# The Rock Island South Rail Road has stopped all operations



## Randy Stone (Jan 2, 2008)

Yes, the trains have all been boxed and after two truck load trips to the storage unit, all equipment is moth balled with no known date for resumming operations. The only thing left standing are three or four buildings which will be taken down, disassembled and put in storage also. We moved a large desk, display case, three chairs and a couch in to storage. Still to be hauled to storage is my 2800+ toy cars and numerous other stuff. These realtors, want the house to look un lived in. The car lift has been sold. I need to list the pool table on craigs list. 
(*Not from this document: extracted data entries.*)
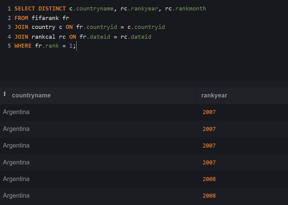 Now, let's insert data into fifarank table.
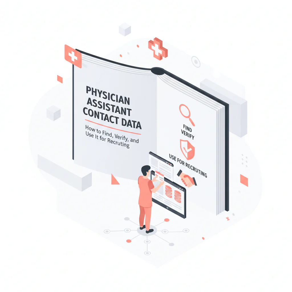 Recruiter workflow for physician assistant contact data: license + NPI identity checks, reachability verification, PA-specific outreach templates, suppression discipline, and measurement.
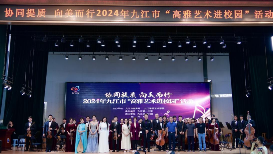 学院有效开展人文素质培养和美育教育。自2018年成立九江交响乐团以来,学院连年举办高雅艺术演出活动,着力打造高端校园文化和美育品牌。先后与九江市教育局共同主办“协同提质、向美而行”巡演音乐会,深入九江市各县区中小学协同实施“艺术素养提升计划”等高雅艺术普及活动。通过参加社会公益活动,在提升学生文化艺术修养的同时,培养提高学生实践创新能力,引导学生接触社会、服务社会。
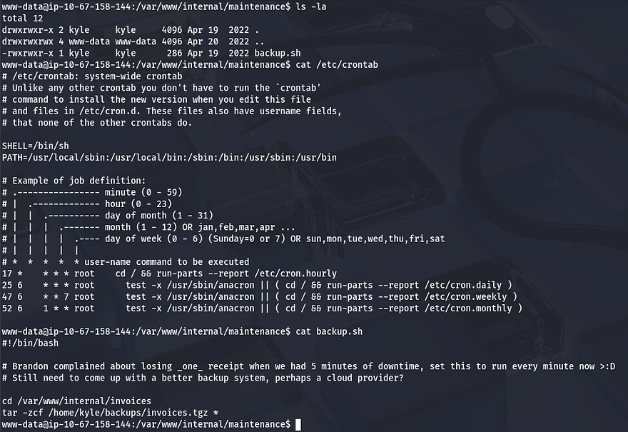 The backup script gets executed by Kyle every minute and is set to use the tar binary to zip all files within the invoices directory. The important thing to notice here is the wildcard operator at the end of the command, this will allow us to fabricate malicious filenames to pass into the binary in order to have it execute our reverse shell.
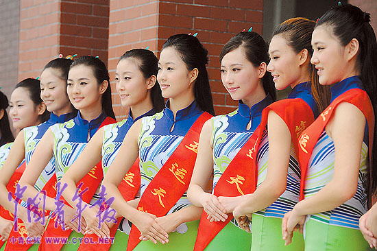 8月5日,来自全国的550名颁奖礼仪专业志愿者候选人正在接受培训。本报记者 林洁摄
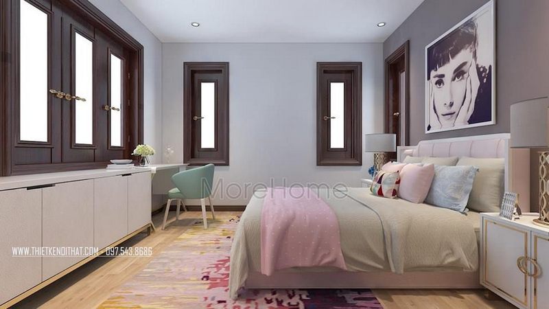 Sự kết hợp hài hòa giữa giường ngủ tân cổ điển bọc da khung gỗ, bàn làm việc đến tủ quần áo chung cư sử dùng chung chất liệu gỗ và màu sắc đông nhất giúp căn phòng ngủ trở nên sang trọng nhưng ấm cúng.
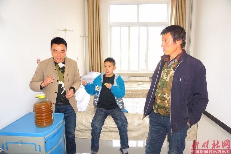 我们11日早晨6点吃了点便餐又开始出发去往甘肃省庆阳市合水县固城乡行政自然村小张涛的家,13岁的张涛自从2011年患上‘心包积炎肝腹水’以来,去了几家医院治疗不见效果,病情赿来赿重,这次“尚德众联”公司孙华领董事长给他带来了夲公司的专家专门为他发酵的“中药口服液”为他免费饮用。我们坐上了中巴车行程了100多公里的盘山路,颠簸了3个多小时,中间转了两次车,下了车简单吃些早点又租车去了张涛的家,最终在该乡医院病房里见到了张涛和他的爸爸、妈妈。
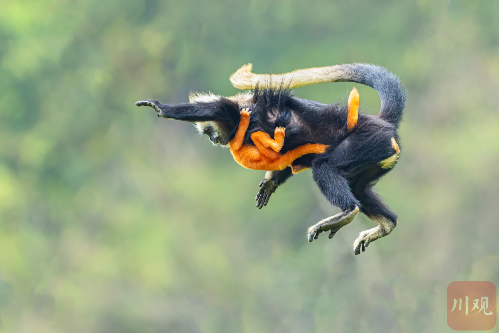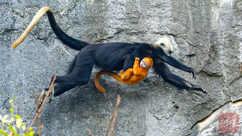 岩壁之间,白头叶猴妈妈带着幼崽飞身跃过。
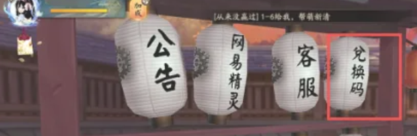 1、首先打开游戏进入主页面,选择许愿台上的【兑换码】灯笼;
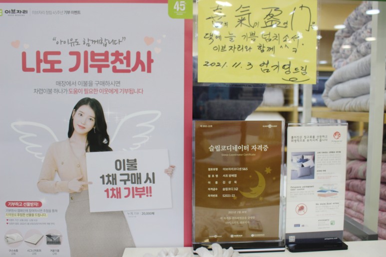 한쪽에 있는 슬립코디네이터 자격증이 보여서 사진으로 찍어봤어요수면전문교육을 이수한 슬립코디네이터가 상주하고 있으며, 소재와 형태가 다른 145종의 베개, 이불, 내용물, 토퍼 등을 체험할 수 있는 공간이 마련되어 있습니다.
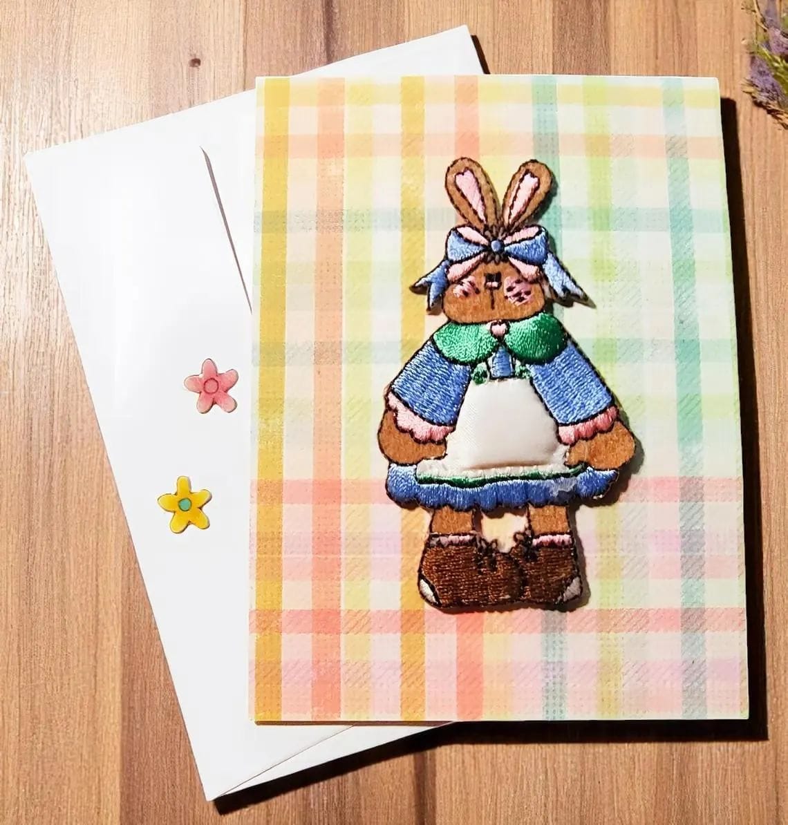 Handmade Bunny Girl Easter Card - Handmade Spring Card
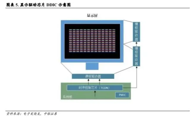 一套完整的显示驱动解决方案一般由栅极驱动器、源极驱动器、时序控制芯片、显示器电源管理芯片(PMIC)组成。栅极驱动器和源极驱动器统称为显示驱动芯片。
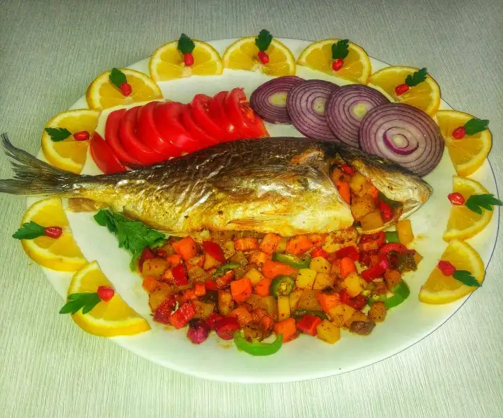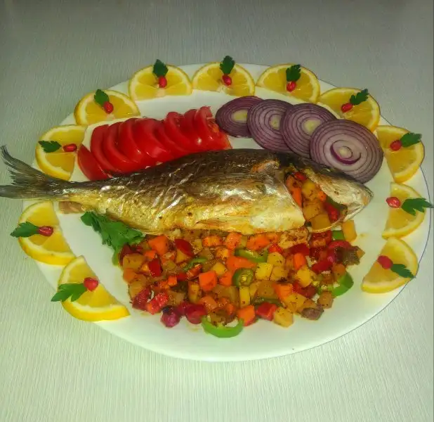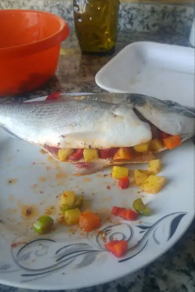 Temizlettigimiz balığı tekrar yıkayıp tuzluyoruz ve yağlı kağıt serdigimiz firin tepsisine yerlestiriyoruz.ardindan hazirlamis oldugumuz iç malzemesini içine dolduruyoruz.dilerseniz tamamini dilerseniz de yarısını doldurabilirsiniz.ben yan tarafini doldurdum sadece.
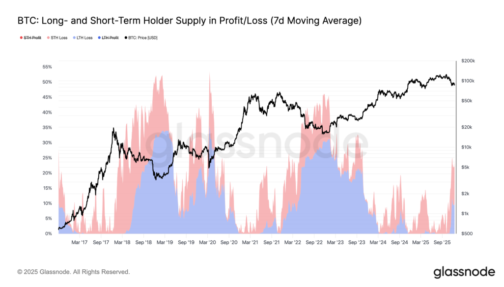 A blokklánc-adatok szerint érdekes átalakulás zajlik a Bitcoin piacán, a veszteségben lévő BTC-k egyre nagyobb része hosszú távú befektetők kezében landol.
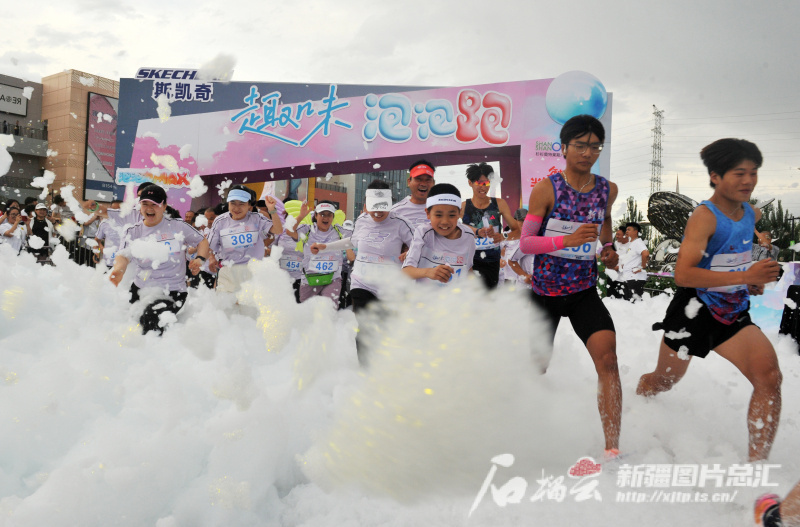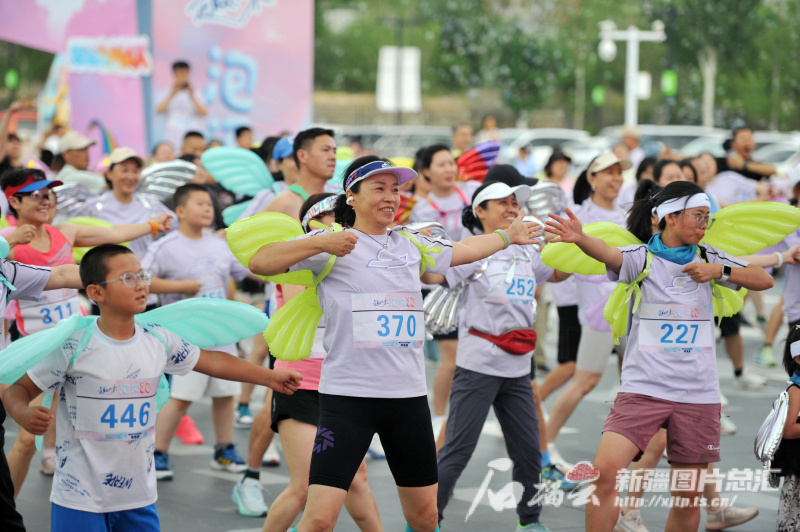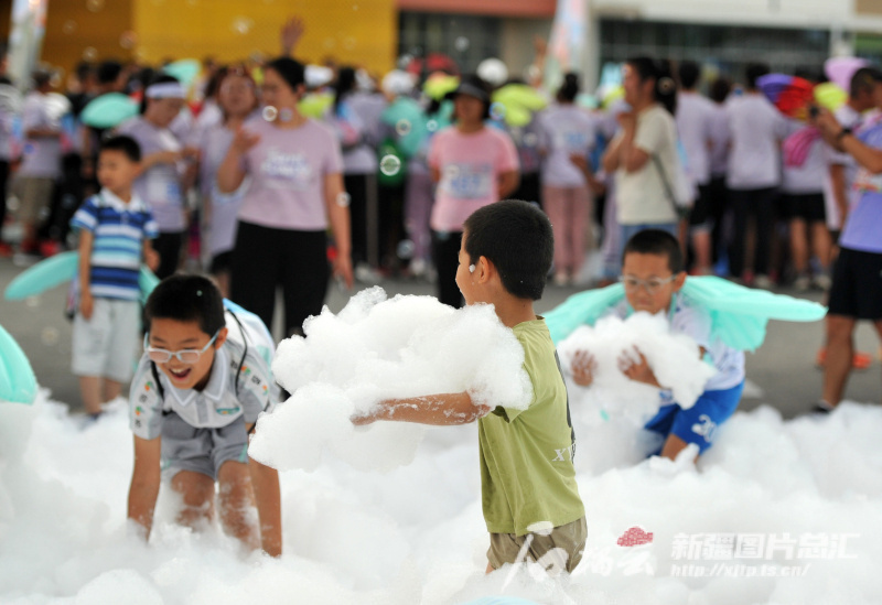 △6月14日,一場趣味“泡泡跑”活動在烏(wu) 魯木齊杉杉奧特萊斯廣場舉(ju) 辦,600多名市民參加了這場別開生麵的5公裏“泡泡跑”。與(yu) 傳(chuan) 統的跑步比賽不同,“泡泡跑”更具趣味性,參與(yu) 者可以邊跑邊玩,盡情享受一場清涼的泡泡盛宴。石榴雲(yun) /新疆日報記者 秦梅花攝

Doing a short sale means we stay till an offer is accepted by the bank and then we have 30-45 days to move out. Right now the paper work has been submitted by our lawyer to the bank. We are now waiting for the bank to process the paperwork and then they will send someone to estimate the value of the house so the bank can set the asking price that the realtor will list the house at. Of course the lawyer thinks the house will sell within the first 5 people walking through. Figuring what the realtor thinkls it will sell at, it should sell quickly, but if the bank sets the price too high, it could set for months. So we wait.


----------



## Stan Cedarleaf (Jan 2, 2008)

That's a bummer, Randy... Sorry to hear that...


----------



## Randy Stone (Jan 2, 2008)

Well after three weeks I have the toy room emptied out, the Florida room is emptied of trains stuff and all the trains are now in storage. I just got back from taking one load of toy cars to the storage unit and have one more load to take. Above I said the lawyer said the hose would sell within the first 5 people coming through, I meant Realtor. The bank's realtor came Wedsenday, looked the property over and took pictures. Once he submits his report to the bank, the bank will contact my lawyer and realtor as to what the house is to be listed at for sale. The bank got their realtor here to value the house much faster than I expected, so who knows how long it will take them to set a selling price. Still alot more stuff to box and put in storage. Wonder how long this moving business will take to turn my hair gray again?


----------



## jake3404 (Dec 3, 2010)

Jeez Randy, I really feel bad for you. 

Is there any place, such as a club, where you can run some of your trains?


----------



## Randy Stone (Jan 2, 2008)

I attended one of the local club meetings of the Florida Garden Railroad Society. It was really nothing more than a social event. The host ran his trains during the whole afternoon. I didn't see anyone else running trains. 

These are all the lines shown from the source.